- Task instructions -
Your response should contain exactly the lines running from the one with "続く大きな展示室では、虫を「" to the end of the data below, both included, and no pictures.

┌────────

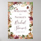 This is a rustic and elegant fall themed bridal shower welcome sign, using a modern watercolor florals, foliage and greenery design. The colour palette features typical fall colours such as burgundy, burnt orange, terracotta, deep green, berry colours and gold and coordinates readily with other products in the same collection. Easily customise all of the text as required using the provided text template. Please contact the designer for any queries regarding this design or for any matching products that aren't available.
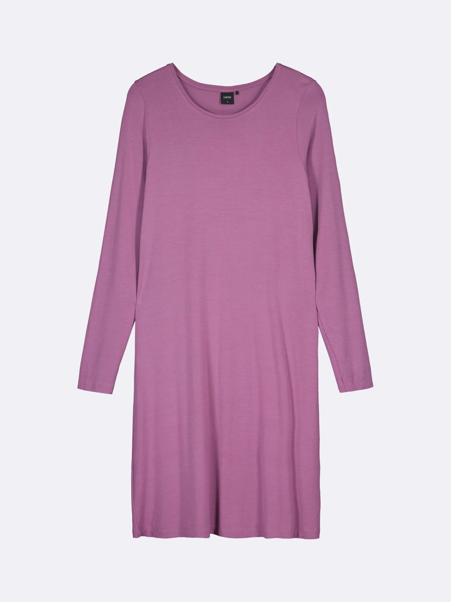 Naisten ylellisen pehmeä mauven eli vaalean violetin värinen Hento-yöpaita pitkillä hihoilla ja pyöreällä pääntiellä. Yöpaidan pituus koossa M on noin 95 cm. Materiaali on laadukasta, iholla miellyttävän pehmeältä tuntuvaa modaali-elastaania.
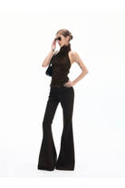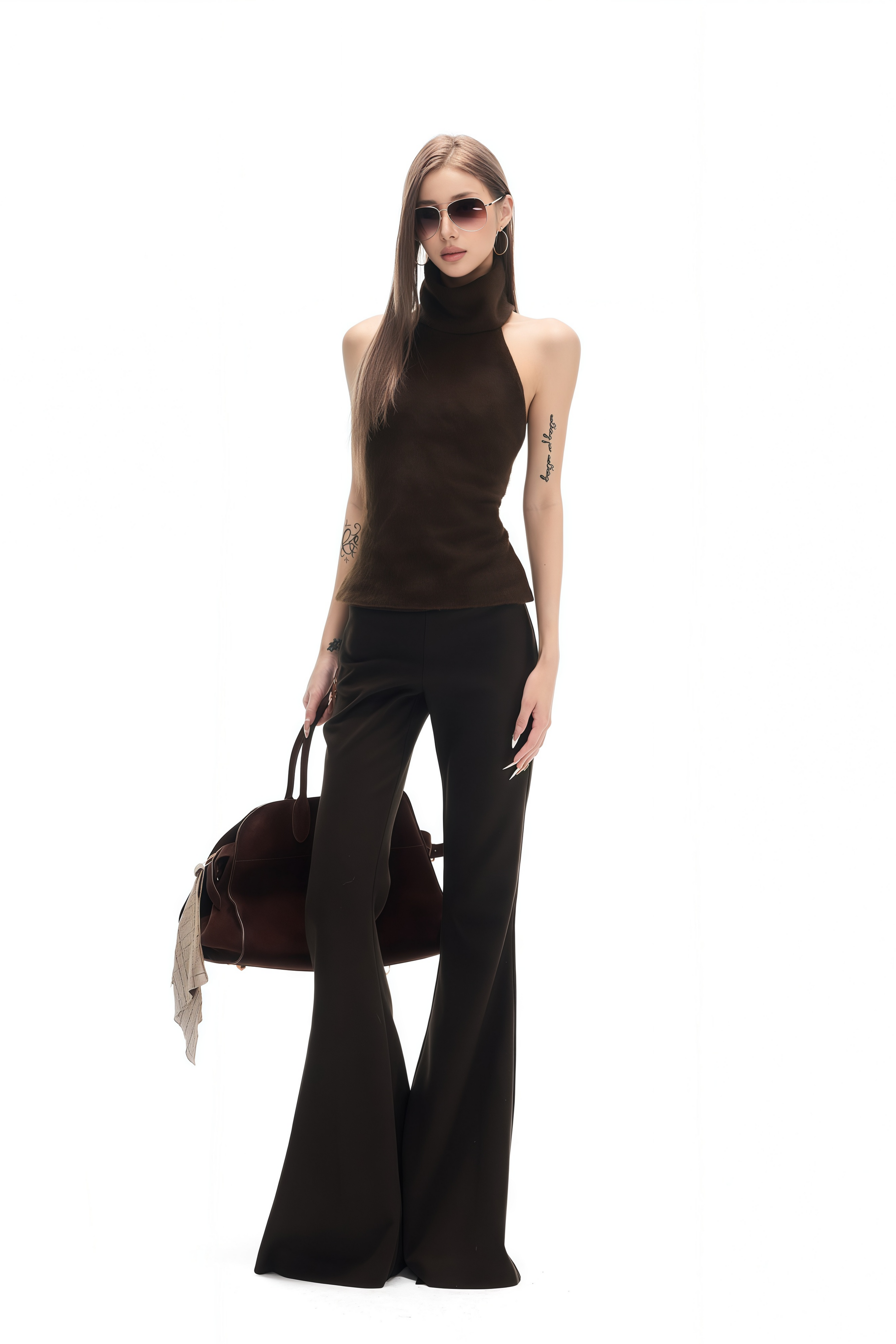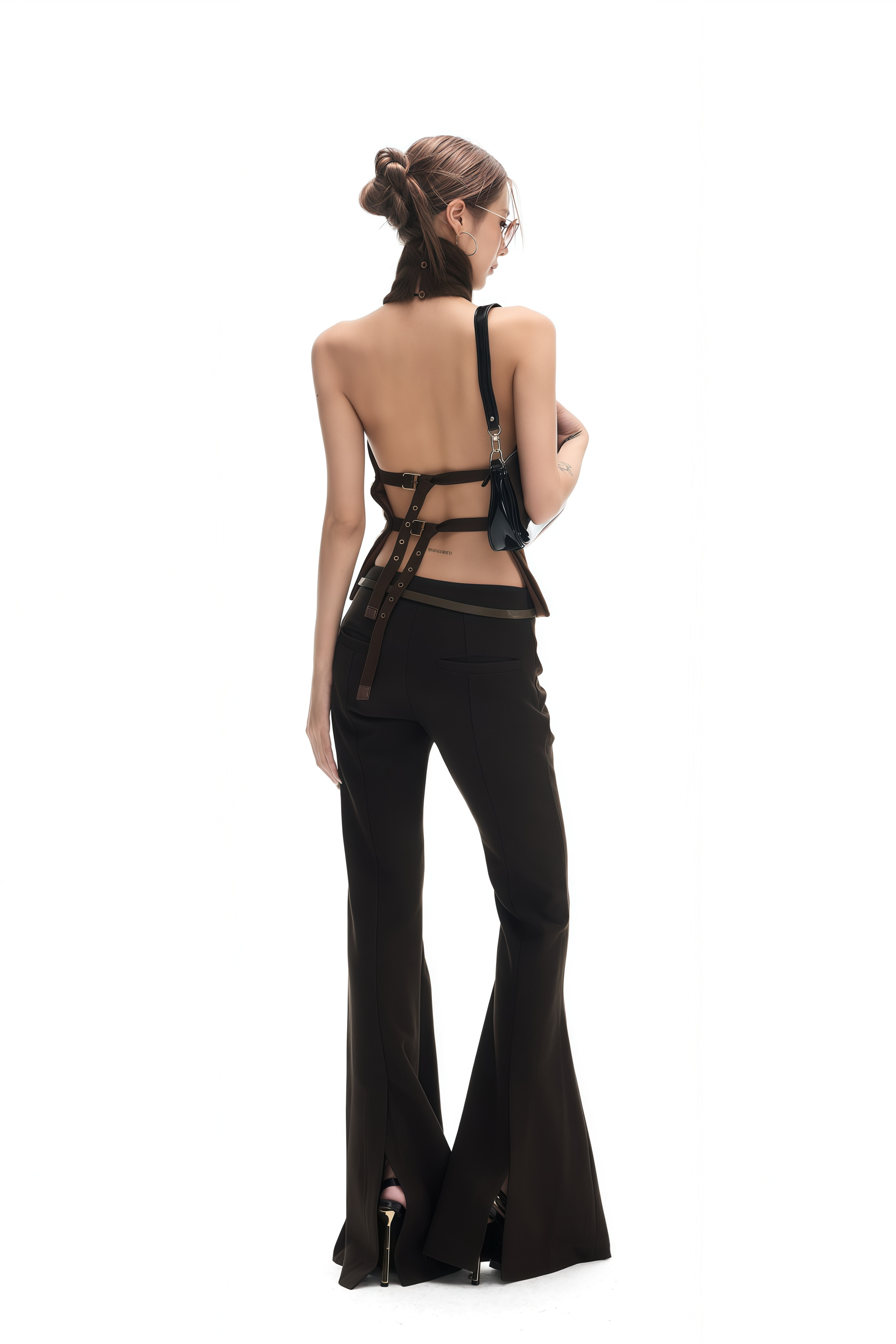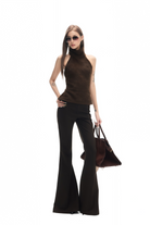 Novalie Brown Off Shoulder Halter Neck Faux Fur Top
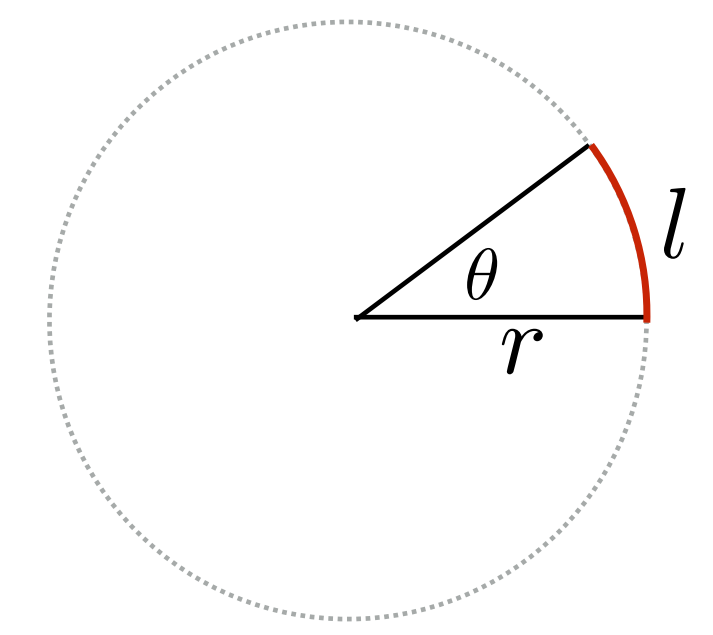 - 角度θ:圆弧的弧长与半径之比\[ \theta = \frac{l}{r} \]
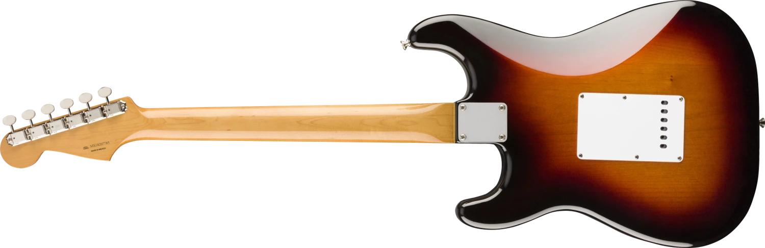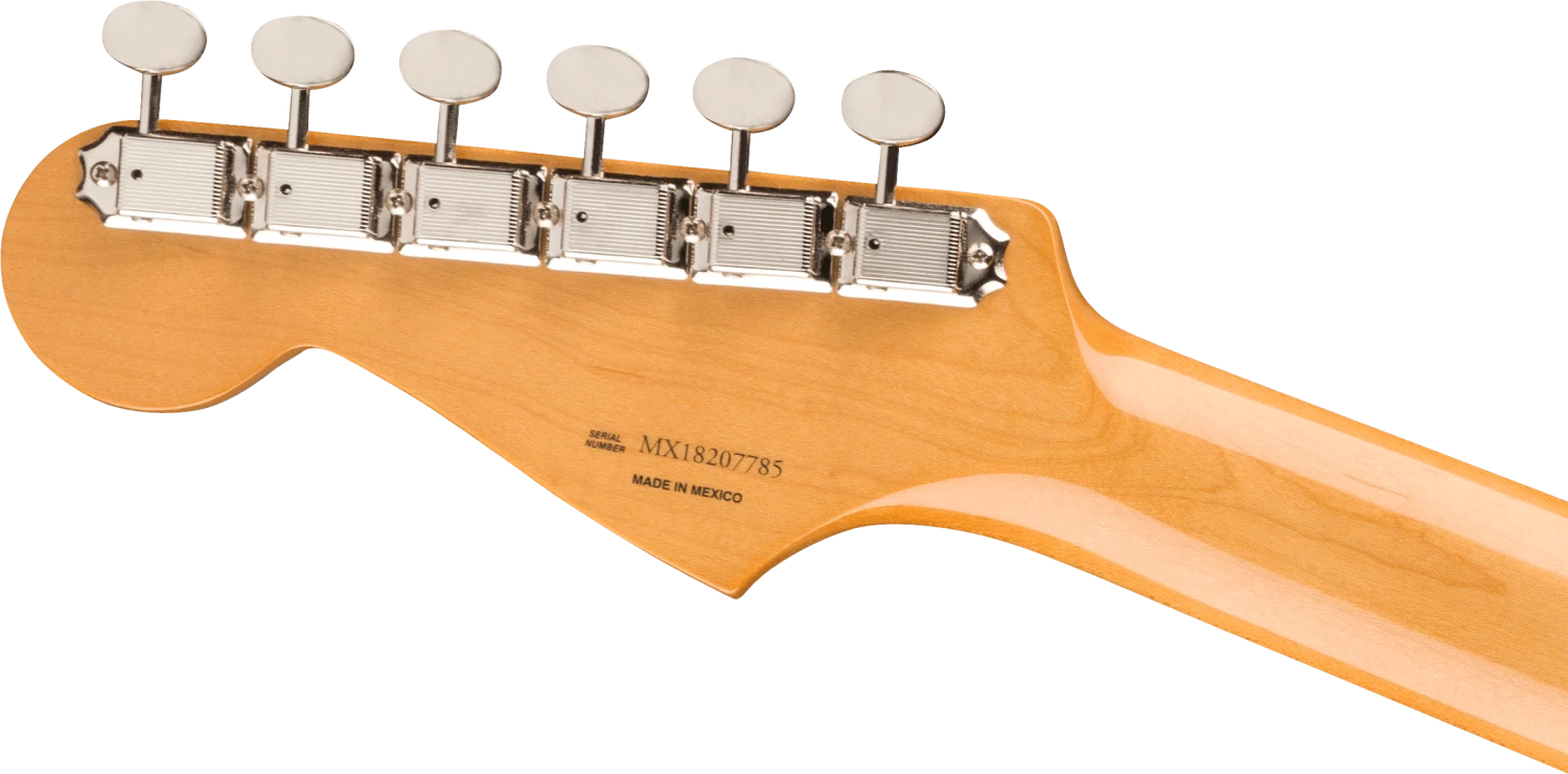 For authentic, vintage-style tone we recreated the trio of single-coil Stratocaster pickups to sound more like the originals. Crystalline and bell-like, they have the crisp, articulate tone that put Fender on the map. The “Mid 60s C”-shaped neck has a 7.25”-radius fingerboard with 21 vintage-style frets for classic playing feel. A vintage-style, six-point synchronized tremolo and vintage-style tuning machines offer original-era aesthetics, rock-solid performance and tuning stability. Other features include vintage-style strap buttons, chrome hardware and four-bolt neck plate. Includes a deluxe gig bag.
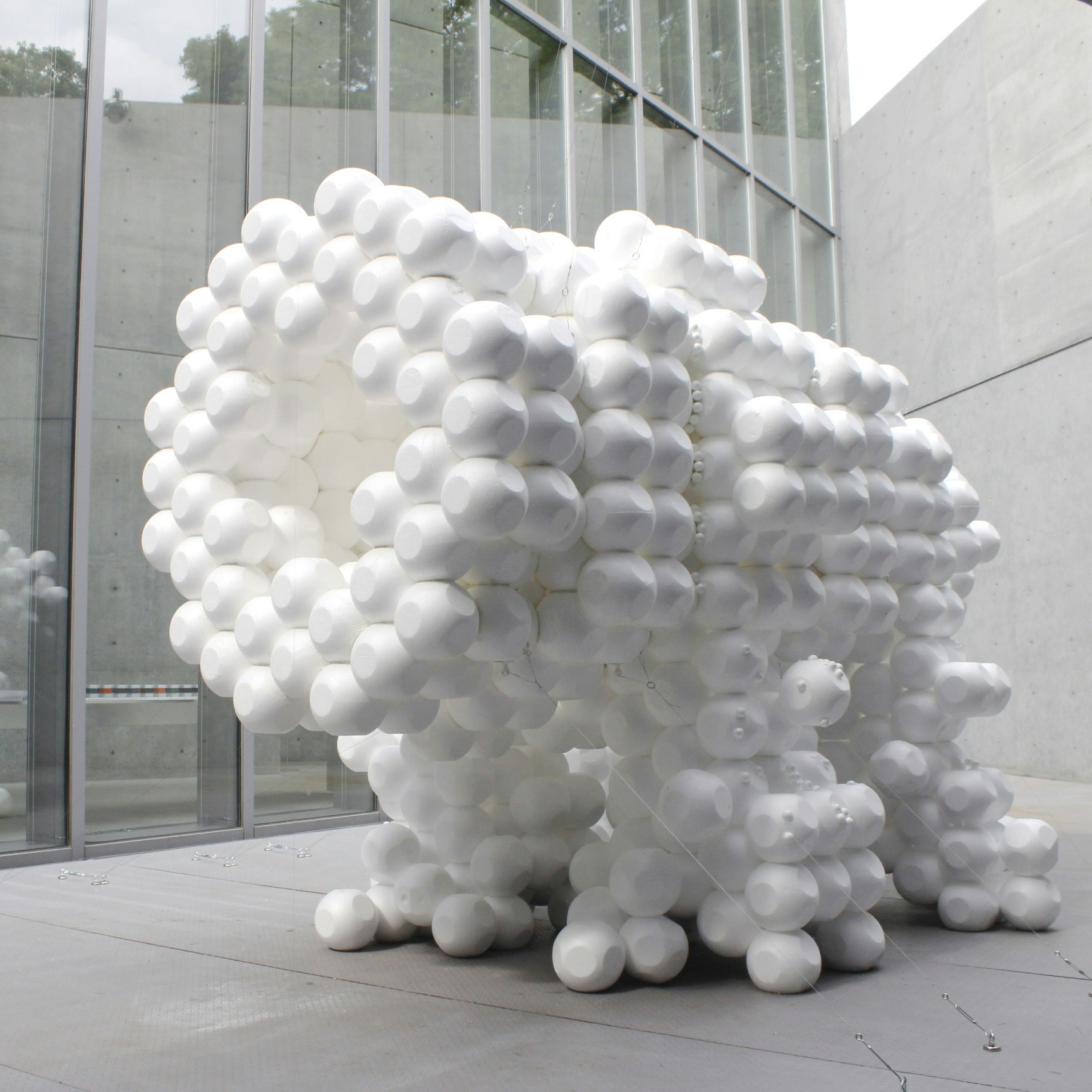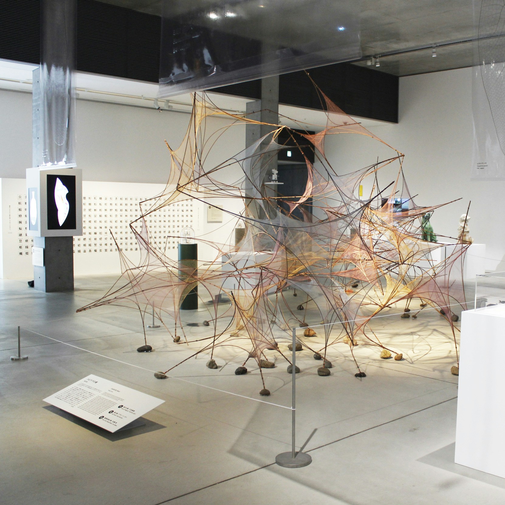 続く大きな展示室では、虫を「デザインのお手本」とした作品群が一堂に会する。養老による虫のための慰霊碑「虫塚」のデザインでも知られる建築家の隈研吾は、日本の建築構造設計を代表する3人とともに、トビケラが水中で身近な材料を集めてつくる巣をモチーフに作品を発表。磁石と接着剤を用いた人間のためのシェルターである《磁石の巣》、髪の毛とナッツの殻を組み合わせたパネルで建てた《髪の巣》、そして世界で最も薄い和紙で作られた《極薄和紙の巣》を見ることができる。
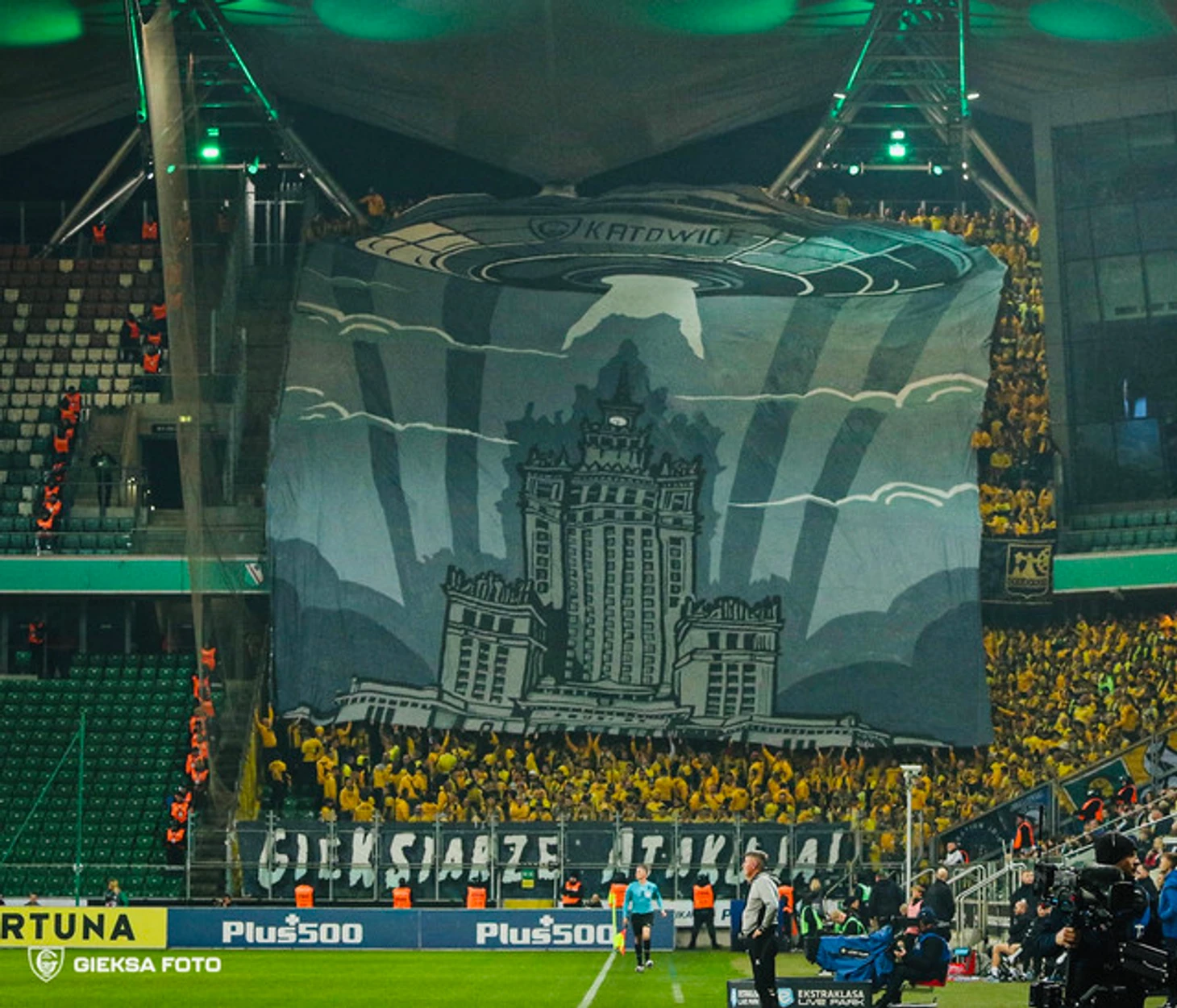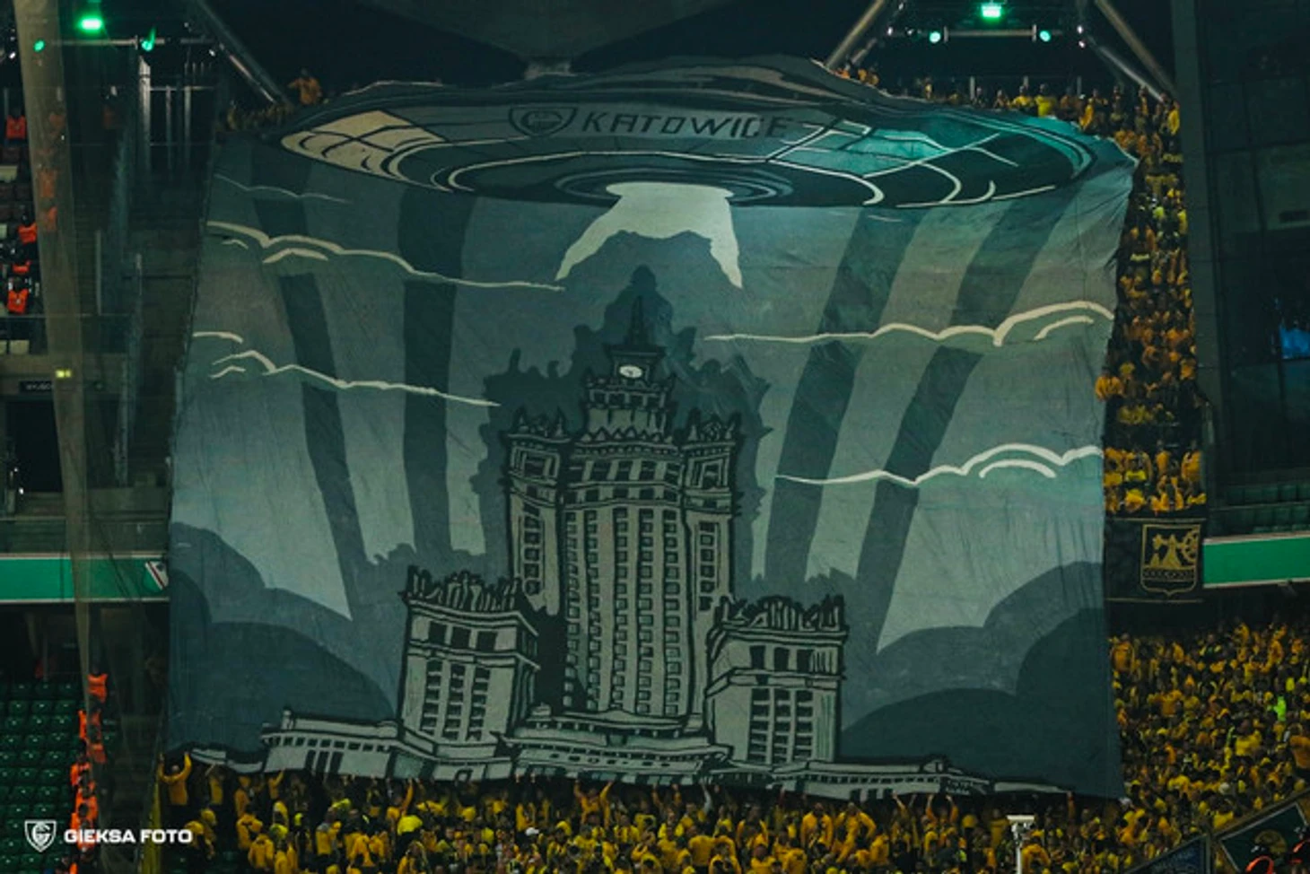 В качестве перфоманса на этой встрече болельщики клуба из Катовице презентовали баннер с подписью «ГиеКСовцы атакуют!», на котором НЛО с изображением логотипа клуба на борту завис над зданием, которое внешне очень напоминало что-то среднее между сталинской высоткой и главным зданием МГУ. На самом деле это дворец культуры и науки в Варшаве – здание было подарено Польше Советским Союзом в 1955 году, хотя сама постройка была возведена на общие деньги.

└────────

- Solved exercise -
 続く大きな展示室では、虫を「デザインのお手本」とした作品群が一堂に会する。養老による虫のための慰霊碑「虫塚」のデザインでも知られる建築家の隈研吾は、日本の建築構造設計を代表する3人とともに、トビケラが水中で身近な材料を集めてつくる巣をモチーフに作品を発表。磁石と接着剤を用いた人間のためのシェルターである《磁石の巣》、髪の毛とナッツの殻を組み合わせたパネルで建てた《髪の巣》、そして世界で最も薄い和紙で作られた《極薄和紙の巣》を見ることができる。
 В качестве перфоманса на этой встрече болельщики клуба из Катовице презентовали баннер с подписью «ГиеКСовцы атакуют!», на котором НЛО с изображением логотипа клуба на борту завис над зданием, которое внешне очень напоминало что-то среднее между сталинской высоткой и главным зданием МГУ. На самом деле это дворец культуры и науки в Варшаве – здание было подарено Польше Советским Союзом в 1955 году, хотя сама постройка была возведена на общие деньги.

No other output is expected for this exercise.